Tibby’s needn’t be concerned about the competition.

For one thing, Big Easy isn’t so easy to get to, at least not for those of us who live in downtown Orlando. It’s in a strip mall in the Stoneybrook West region of Winter Garden rather than in the downtown village district. I took three toll roads -- SR 408, Florida’s Turnpike and SR 429 -- to get there, although not all roads required a toll.

The atmosphere at Big Easy is casual to the point of having a diner feel. The kitchen is open (you could easily see a row of stools there) and there are more windows than wall space for decorations, it seems. The bare-topped tables are a royal purple. Of course, some of the best food in New Orleans can be found in uber casual spaces.

Big_Easy_gumboBut nothing I tasted at Big Easy had me longing to return. The gumbo was a more watery version, which is how many Louisianans prefer it -- less thickening in the roux. But it also didn’t have much characteristic flavor.

Neither did the jambalaya, which was also overly dry. Estelle’s crawfish etouffe (no, no idea who Estelle is) looked the way it is supposed to, more of a brown gravy. But it was just bland. Both entrees were served with cornbread that had a texture similar to pound cake, smooth rather than crumbly.
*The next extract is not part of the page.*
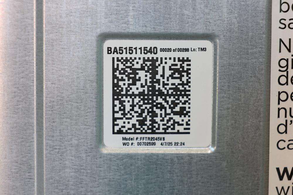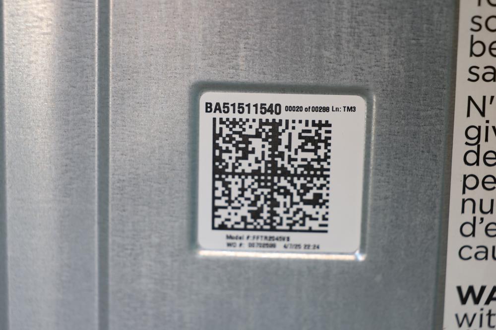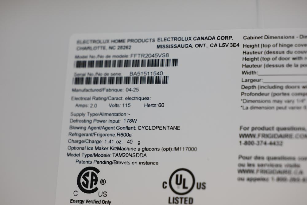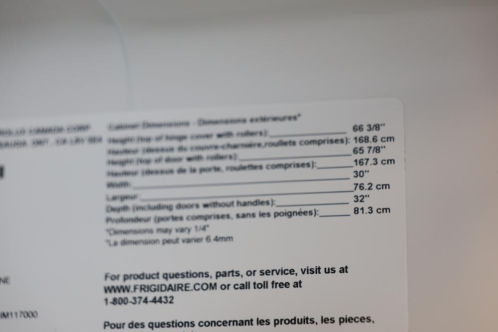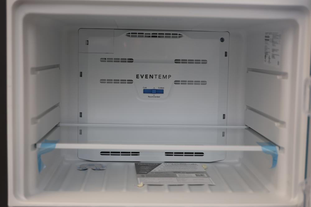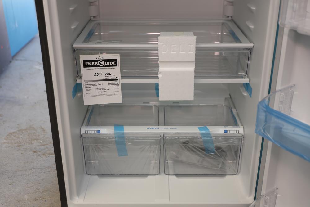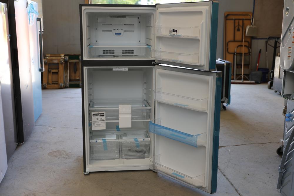 Frigidaire top freezer refrigerator featuring Eventemp technology for balanced cooling. Model no. FFTR2045VS, with a capacity of 427 liters. Includes adjustable shelves, clear crisper drawers, interior lighting, and Energy Star certification. 67"H x 30"W x 32"D. Pickup only.
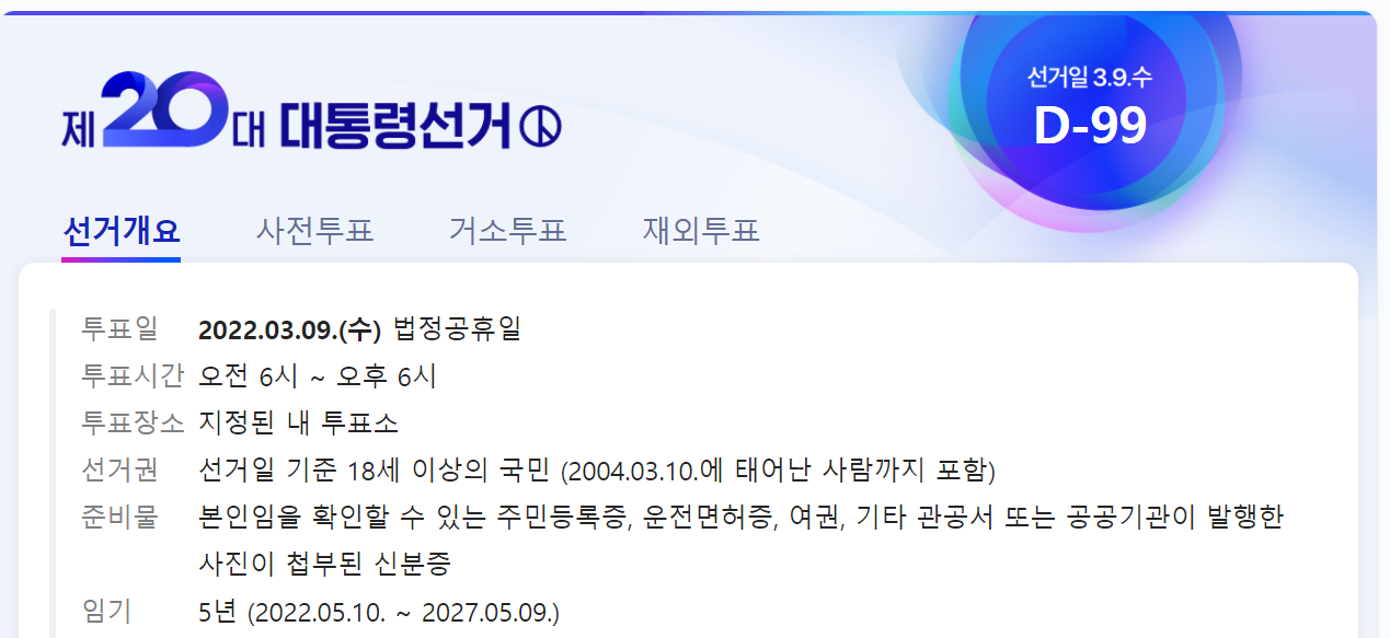 이상과 같이 99일 남아 있는 2022년 20대 대통령 선거 일정에 대하여 알아 보았습니다. 정권 유지가 될지 교체가 될지 2022년 3월 9일이면 알 수 있을 것입니다. 이미 대선 경쟁은 시작되었으니 관심있게 일정을 확인하시고 투표에 적극 참여하시기 바라겠습니다.

Now, all of this is can be attributed to a matter of interpretation. My friend and the others who are perfectly happy with Big Easy may have found that the style of the food here most closely resembles the food of their youth, prepared in the same manner that their own relatives cooked the dishes. Any regional cuisine is subject to being rendered on a variation of a theme; I can’t argue with that.

Big_Easy_etouffeBut I must take umbrage with Big Easy’s assertion that its muffuletta “tastes like you’re right at the Central Grocery,” the store in New Orleans's French Quarter that is credited with inventing the iconic sandwich. As someone who has stood in line there dozens of times to get a muffuletta to go, I can tell you this sandwich bears little resemblance to Central Grocery’s. The bread was round, as it must be (I’m sure there’s a law), but it had the same airy texture of the cornbread. The green olive tapenade that gives the sandwich its distinct taste was there, but it accented a meagre amount of meat and cheese.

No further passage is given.